An object is placed 11 cm in front of a convex mirror of focal length 4 cm. Using the lens equation, find where the image will form and state whether it is a real or virtual image.
See my answer to "Joe" in the question which follows yours
To find the location of the image formed by the convex mirror, we can use the lens equation:
(1/f) = (1/d₀) + (1/dᵢ)
Where:
f = focal length of the convex mirror
d₀ = distance of the object from the mirror (in this case, it is positive because the object is in front of the mirror)

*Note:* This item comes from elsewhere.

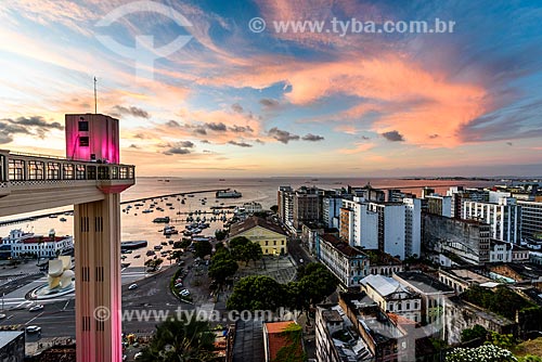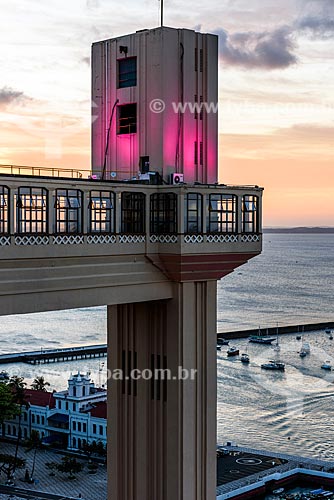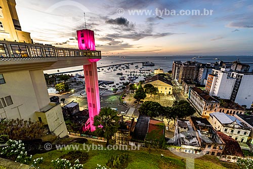 Sunset - Elevador Lacerda (Lacerda Elevator) - 1873 - with special lighting - pink - due to the October Rosa campaign - Salvador city - Bahia state (BA) - Brazil

dᵢ = distance of the image from the mirror (positive if the image is formed on the same side as the object, negative if it is formed on the opposite side)
Given values:
f = 4 cm (positive because it's a convex mirror)
d₀ = 11 cm (positive because the object is in front of the mirror)
To find dᵢ, we can rearrange the lens equation:
(1/dᵢ) = (1/f) - (1/d₀)
Plugging in the values:
(1/dᵢ) = (1/4) - (1/11)
To simplify this equation, we take the reciprocal of both sides:
dᵢ = 1 / [(1/4) - (1/11)]
Now, to find if the image formed is real or virtual, we check the sign of dᵢ. If dᵢ is positive, the image is virtual (formed on the same side as the object). If dᵢ is negative, the image is real (formed on the opposite side as the object).
Evaluating the equation for dᵢ:
dᵢ = 1 / [(1/4) - (1/11)]
dᵢ ≈ 14.67 cm
Since dᵢ is positive, the image formed is virtual.